What is Building Biology?
Building Biology is the science of how the places we live affect our health — and the practice of making them healthier.
Also known as Bau-Biologie, or “building for life,” it’s an interdisciplinary approach to understanding how our built environments shape our wellbeing. Rather than guessing, it uses science-based standards to measure what’s actually present in a home: the air we breathe, the water we drink, the electromagnetic fields around us, and the moisture and materials that surround us every day. The goal is simple and deeply human — living and working spaces that genuinely support the people inside them.
Where It Comes From
Building Biology took root in post-war Germany, a period of rapid reconstruction that leaned heavily on synthetic materials, new construction methods, and chemical-based products. In the 1960s, building scientist Dr. Anton Schneider — often called the father of Bau-Biologie — began noticing a pattern: as building practices modernized, so did complaints of fatigue, allergies, and respiratory trouble. His research into what makes an indoor environment truly healthy became the foundation of the field and led to the Institute of Building Biology & Sustainability (IBN).

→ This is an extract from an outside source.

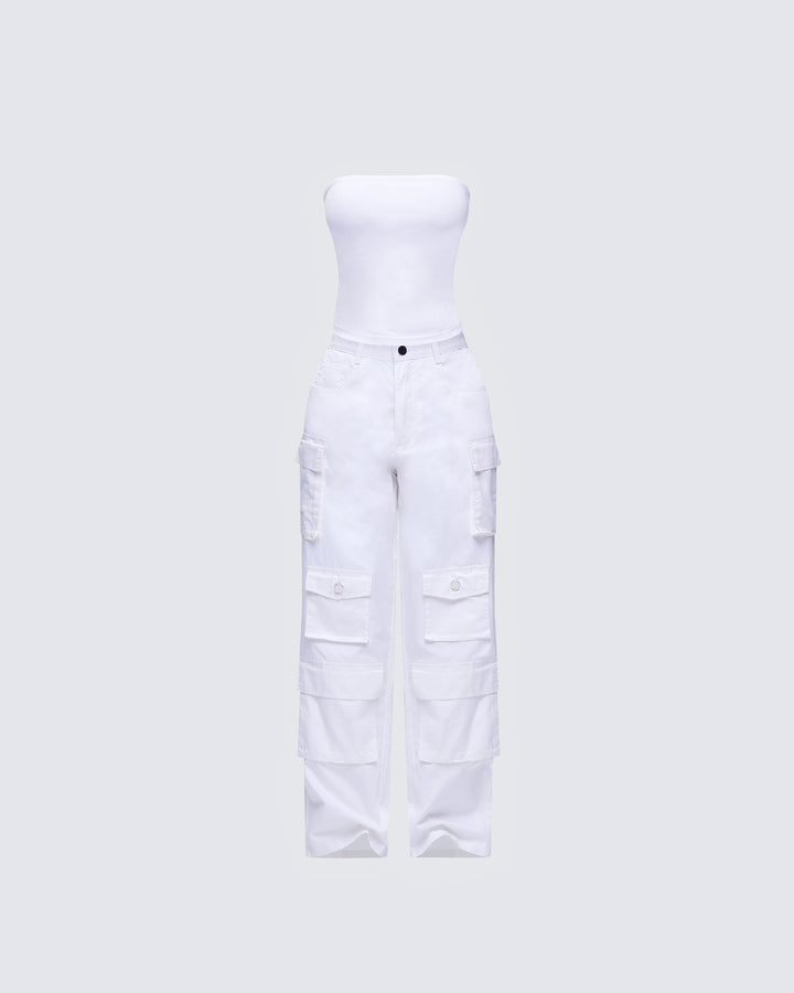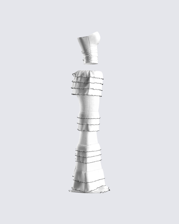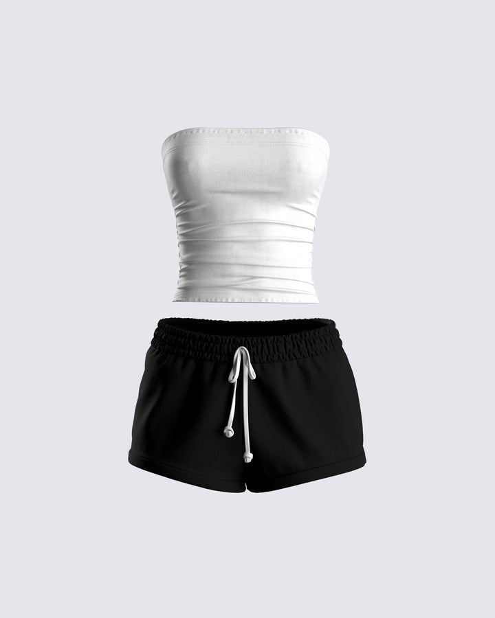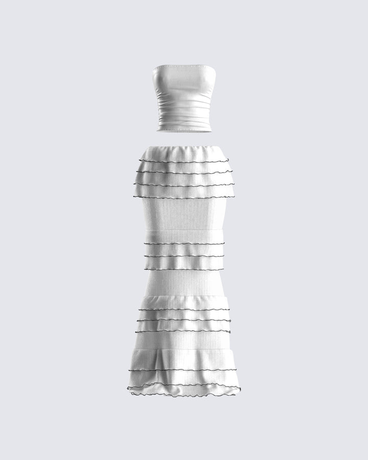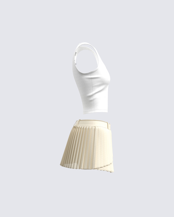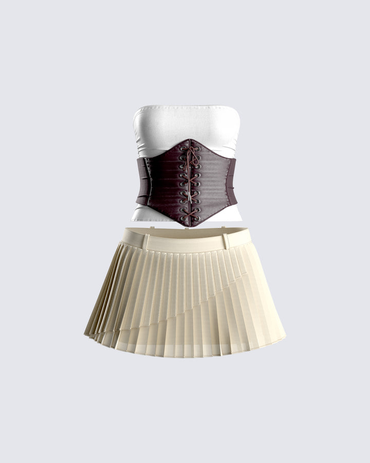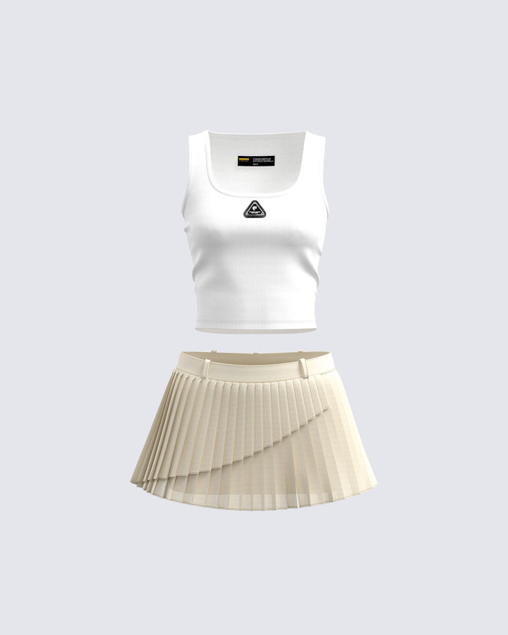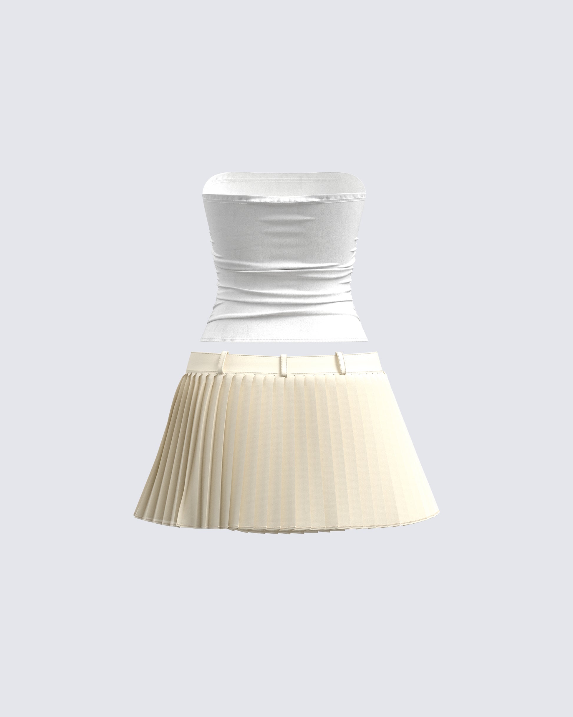 Sometimes less is more đ This two-piece set features two versatile basics: A white jersey tube top, paired with a cream crepe pleat skirt - perfect for dressing up with accessories đ€

In the 1980s, Helmut Ziehe brought these ideas to the United States and founded what is today the Building Biology Institute. Though it began in Germany, Building Biology now resonates worldwide, sharing common ground with green building, biophilic design, and sustainable architecture.
What a Building Biologist Does
A Building Biologist evaluates a home against established health benchmarks — assessing indoor air, mold and moisture, water quality, materials, ventilation, and electromagnetic fields. Where a home inspector asks whether a house works, a Building Biologist asks whether it supports the health of the people living in it. From there, the work is about turning measurements into clear, evidence-based recommendations you can actually use.
How We Practice It at Hazel Solutions
We practice Building Biology the way we believe it’s meant to be practiced: measurement-first, vendor-neutral, and free of fear. We don’t sell products or perform remediation — we measure, we explain in plain language, and we hand you honest answers you can trust and act on however you choose.
We also approach every home like an investigation. Rather than simply documenting what’s visible, we trace what we find back to its source — whether that’s a wiring fault behind an elevated field or the moisture behind a mold problem. It’s a careful, curious, respectful way of working, and it’s at the heart of everything we do.